*** Raw data Section Begins ***

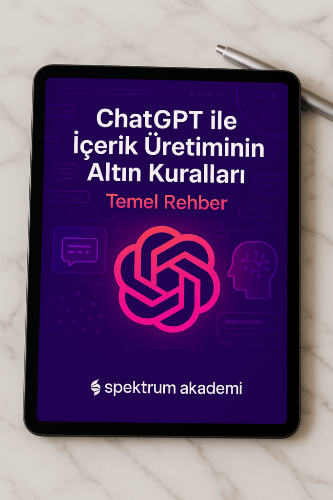 Spektrum Akademi, yapay zekâ destekli içerik üretimiyle dijital dünyada fark yaratmak isteyen bireyler ve girişimciler için kurulmuş bir eğitim ve kaynak platformudur.
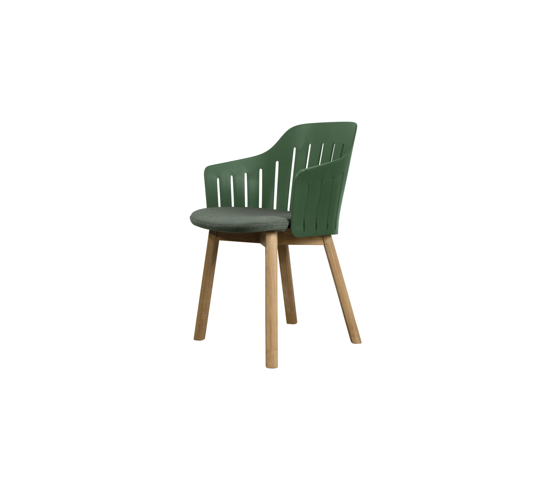 The Choice chair with teak legs combines a warm, tactile expression with a contemporary and versatile seat shell design. The distinctive teak legs create a warm, organic tone in your outdoor dining space, while the sculpted seat shell – made from up to 98% recycled polypropylene – offers comfortable support. Grooves in the back ensure a flexible backrest and optimal airflow, making the chair comfortable for sunny lunches and long summer evenings.
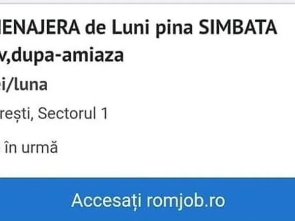 Un bucureștean a postat pe mai multe site-uri de specialitate un anunț că vrea să angajeze o menajeră, căruia îi oferă un salariu de 2.500 de lei. După ce scrie condițiile pentru locul de muncă, individul face și o remarcă rasistă și periculoasă.
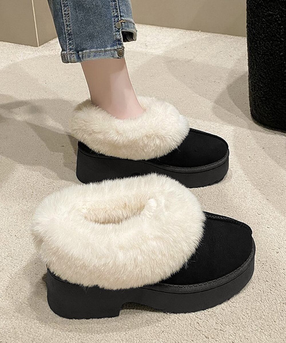 ウィンターブーツ黒/冬ブーツレディース/厚底ブーツふわふわ
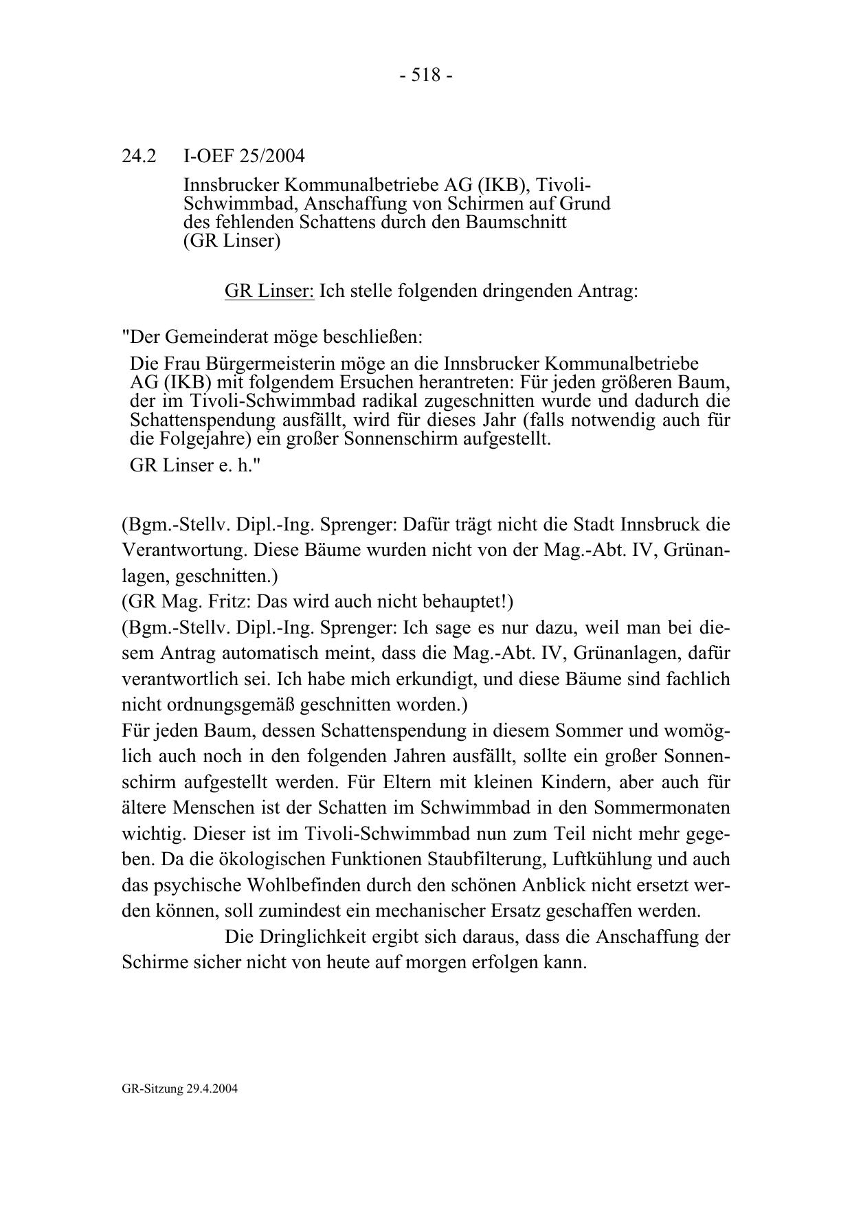 (Bgm.-Stellv. Dipl.-Ing. Sprenger: Dafür trägt nicht die Stadt Innsbruck die
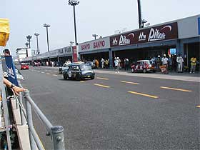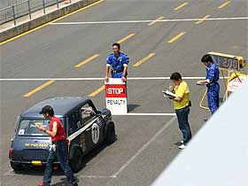 さて、塚越が順調に・・・って、あれ? ピットロード出口で止まっているのは、フラジル号じゃありませんか! 2分54秒というベストを出して走行していた塚越ですが、ピットクルーの元へオフィシャルが。 手にはペナルティの用紙を持っており、「黄旗(追い越し禁止)追い越しにより、2分間のペネルティです。」との事。 急遽、ピットからピットインのサイン。 「あれ? 時間調整で予定周回が少なくなったのか?」と思いつつ、塚越がピットイン。 そこで初めてペナルティだと知らされ、ピットロードの出口で2分間のストップ。 塚越は納得いかず、オフィシャルに「何でペナルティ?」 と聞くと、「セーフティカーの際の黄旗追い越しです。」との事緒。 塚越は、「俺、セーフティーカーの時は走ってないよ!」と言うと、「貴方か、貴方の前のドライバーかは解りません。 どちらにしろ、黄旗追い越しです。」と。 更に、新たな事実が判明! オフィシャルより「黄旗追い越しで2分ストップだが、黒旗(ゼッケンを表示された車輌はピットに入らなければいけない)無視で、更に10分のペナルティです。 1周回って、もう一度入ってきてください。」 塚越も「えっ? 俺に黒旗は出てないよ。 番号も確認していたよ!」と伝えますが、「どちらにしろ、前のドライバーかは解りませんが、10分のペナルティです。」 仕方なく、2分停車後コースインし、再度10分のペナルティです。 |
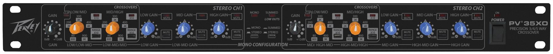 Configurable for 3-way stereo or 4-way and 5-way mono operation, the PV 35XO crossover features variable-state controls and 24dB/octave LR filters, with XLR inputs and outputs on each channel for balanced operation from 20Hz to 20kHz. In addition, there are mute capabilities for each output level control, a low-sum output jack to sum the low-frequency stereo content and phase inversion on each band pass output (except low sum). Weight: 5.0lbs / 2.268kg.

*** Raw data Section Ends ***

Activity |
Quote the data above exactly from the line with "ウィンターブーツ黒/冬ブーツレディース/厚底ブーツふわふわ" to the line with "(Bgm.-Stellv. Dipl.-Ing. Sprenger: Dafür", both ends counted, and nothing else. Pictures don't go in.

Completed task |
 ウィンターブーツ黒/冬ブーツレディース/厚底ブーツふわふわ
 (Bgm.-Stellv. Dipl.-Ing. Sprenger: Dafür trägt nicht die Stadt Innsbruck die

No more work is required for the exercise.